Tom Perry

Personal information
- Full name: Thomas Henry Perry
- Date of birth: 12 August 1871
- Place of birth: West Bromwich, England
- Date of death: 18 July 1927 (aged 55)
- Place of death: West Bromwich, England
- Height: 5 ft 10 in (1.78 m)
- Position: Right half

Youth career
- 0000: Christ Church School

Senior career*
- Years: Team / Apps / (Gls)
- 0000: Christ Church
- 0000: West Bromwich Baptists
- 0000: Stourbridge
- 1890–1901: West Bromwich Albion
- 1901–1903: Aston Villa / 28 / (1)

International career
- 1898: England / 1 / (0)

= Tom Perry (footballer) =

English footballer

Thomas Henry Perry (12 August 1871 – 18 July 1927) was an English international footballer, who played as a right half.
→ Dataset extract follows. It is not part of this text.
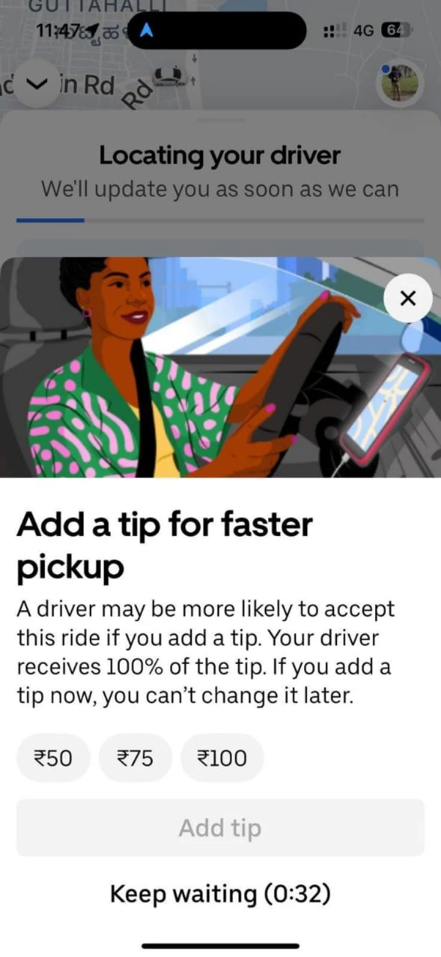 इस सुविधा के तहत ऐप पर तीन तयशुदा टिप विकल्प दिखाई देते हैं – ₹50, ₹75 और ₹100। Uber का दावा है कि "ड्राइवर को टिप की 100% राशि मिलती है" और एक बार जोड़ी गई टिप को बदला नहीं जा सकता।
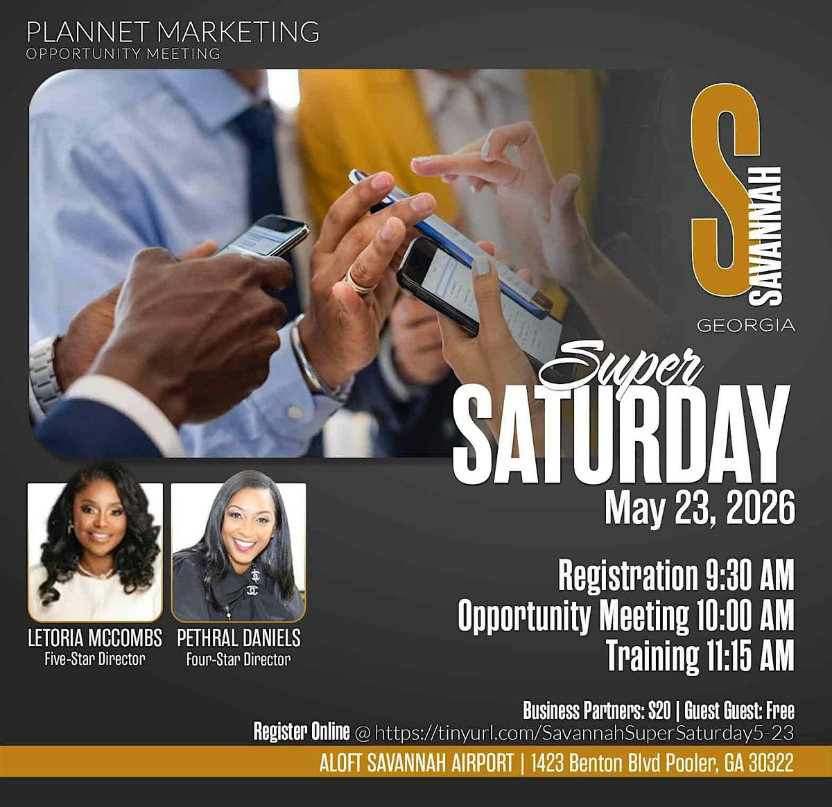 Join Top Income Earners 5 Star Director Letoria McCombs (500K+) and 4 Star Director Pethral Daniels (100k+) as they share their stories on going for 6 figure corporate professionals to Travel Business Entreprenuers, where they have gained time freedom, financial freedom and personal freedom. THIS EVENT WILL SELL OUT FAST! GET YOUR TICKET TODAY!

==Early and personal life==
Perry was born in West Bromwich on 12 August 1871, the fifth of nine children. He was one of five brothers to play football, including older brother Charlie. He worked as a spring balance maker and was married with four daughters.

==Career==
Perry played locally for Christ Church School, Christ Church, West Bromwich Baptists and Stourbridge, and professionally for West Bromwich Albion and Aston Villa. He was transferred to Aston Villa for £50 for the 1901–02 season. He retired due to injury in 1903. With West Brom he was a runner-up in the 1894–95 FA Cup. He also earned representative honours for the Football League.

He earned one cap for England on 28 March 1898.